▶ **Exercise prompt**: When the listing below reaches the line that has "Набор различных свежих", start reproducing exactly; stop after the line that has "Sea green semi", and drop the pictures.

▶ **Provided data**:
------------
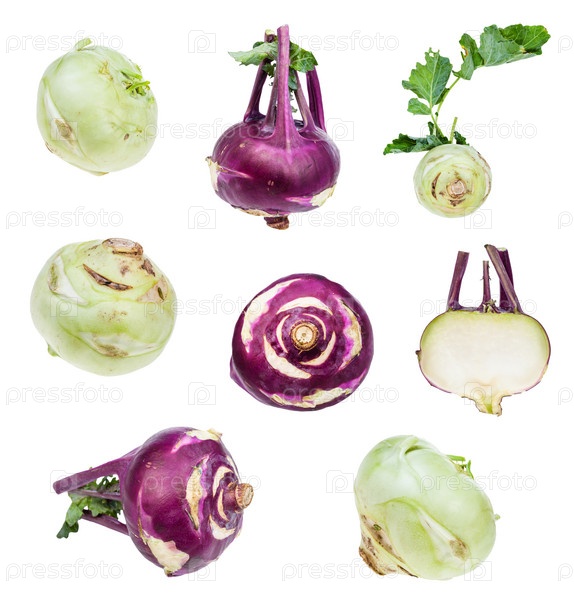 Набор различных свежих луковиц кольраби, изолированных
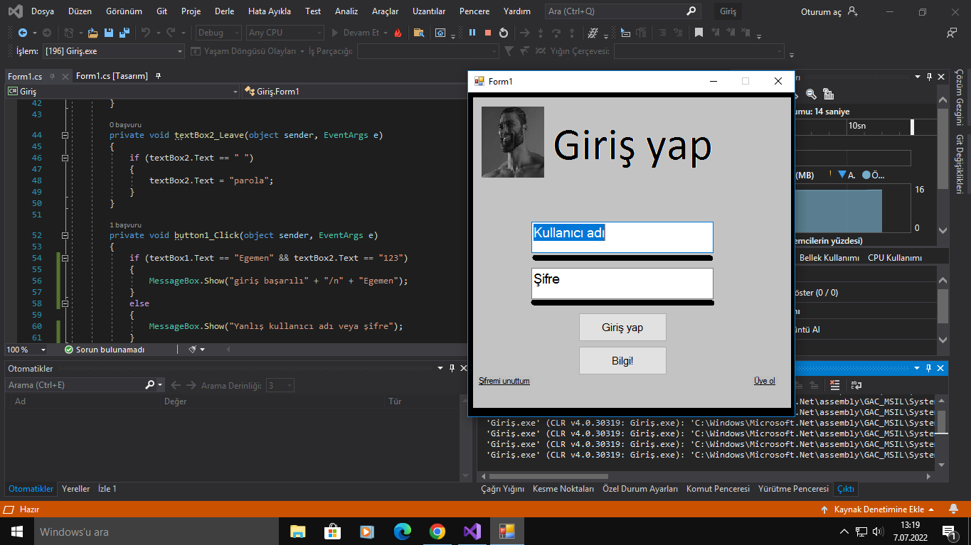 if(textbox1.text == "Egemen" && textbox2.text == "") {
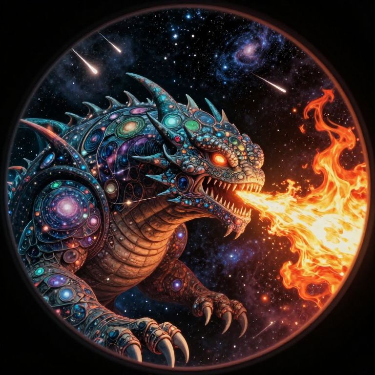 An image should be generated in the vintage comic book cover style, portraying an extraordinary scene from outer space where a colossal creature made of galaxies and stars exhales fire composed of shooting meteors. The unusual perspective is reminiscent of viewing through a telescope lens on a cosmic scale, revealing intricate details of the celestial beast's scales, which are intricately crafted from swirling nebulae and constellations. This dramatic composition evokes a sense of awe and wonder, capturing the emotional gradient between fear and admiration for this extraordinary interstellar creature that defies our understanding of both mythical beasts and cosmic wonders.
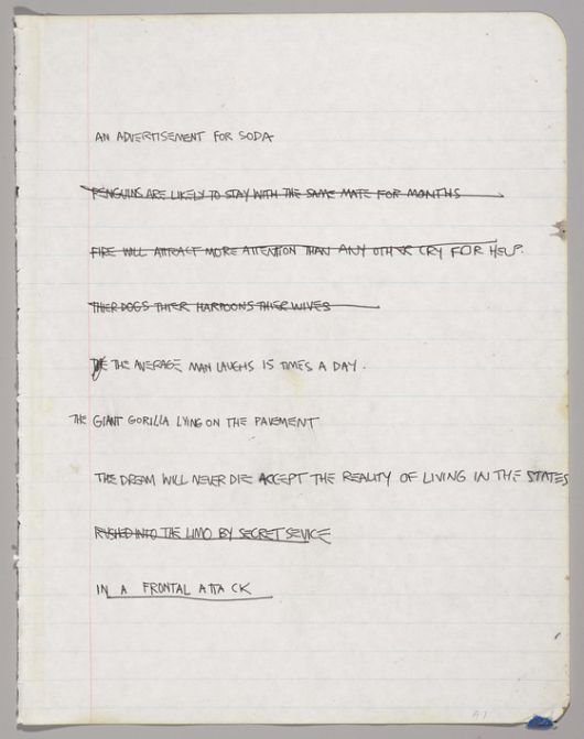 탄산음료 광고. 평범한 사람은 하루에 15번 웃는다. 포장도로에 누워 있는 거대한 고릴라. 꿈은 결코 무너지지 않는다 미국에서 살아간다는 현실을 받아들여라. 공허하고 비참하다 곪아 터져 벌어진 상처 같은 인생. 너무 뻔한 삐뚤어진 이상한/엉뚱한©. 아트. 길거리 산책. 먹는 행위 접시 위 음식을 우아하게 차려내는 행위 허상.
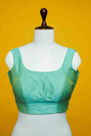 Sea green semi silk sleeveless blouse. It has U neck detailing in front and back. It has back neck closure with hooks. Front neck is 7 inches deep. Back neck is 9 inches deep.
------------
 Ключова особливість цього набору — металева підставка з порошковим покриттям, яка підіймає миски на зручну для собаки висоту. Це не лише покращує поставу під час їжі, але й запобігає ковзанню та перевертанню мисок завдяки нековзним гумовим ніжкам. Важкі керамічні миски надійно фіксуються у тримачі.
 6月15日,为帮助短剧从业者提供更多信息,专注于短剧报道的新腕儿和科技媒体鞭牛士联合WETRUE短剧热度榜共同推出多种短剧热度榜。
------------
▶ **Solution below**:
 Набор различных свежих луковиц кольраби, изолированных
 if(textbox1.text == "Egemen" && textbox2.text == "") {
 An image should be generated in the vintage comic book cover style, portraying an extraordinary scene from outer space where a colossal creature made of galaxies and stars exhales fire composed of shooting meteors. The unusual perspective is reminiscent of viewing through a telescope lens on a cosmic scale, revealing intricate details of the celestial beast's scales, which are intricately crafted from swirling nebulae and constellations. This dramatic composition evokes a sense of awe and wonder, capturing the emotional gradient between fear and admiration for this extraordinary interstellar creature that defies our understanding of both mythical beasts and cosmic wonders.
 탄산음료 광고. 평범한 사람은 하루에 15번 웃는다. 포장도로에 누워 있는 거대한 고릴라. 꿈은 결코 무너지지 않는다 미국에서 살아간다는 현실을 받아들여라. 공허하고 비참하다 곪아 터져 벌어진 상처 같은 인생. 너무 뻔한 삐뚤어진 이상한/엉뚱한©. 아트. 길거리 산책. 먹는 행위 접시 위 음식을 우아하게 차려내는 행위 허상.
 Sea green semi silk sleeveless blouse. It has U neck detailing in front and back. It has back neck closure with hooks. Front neck is 7 inches deep. Back neck is 9 inches deep.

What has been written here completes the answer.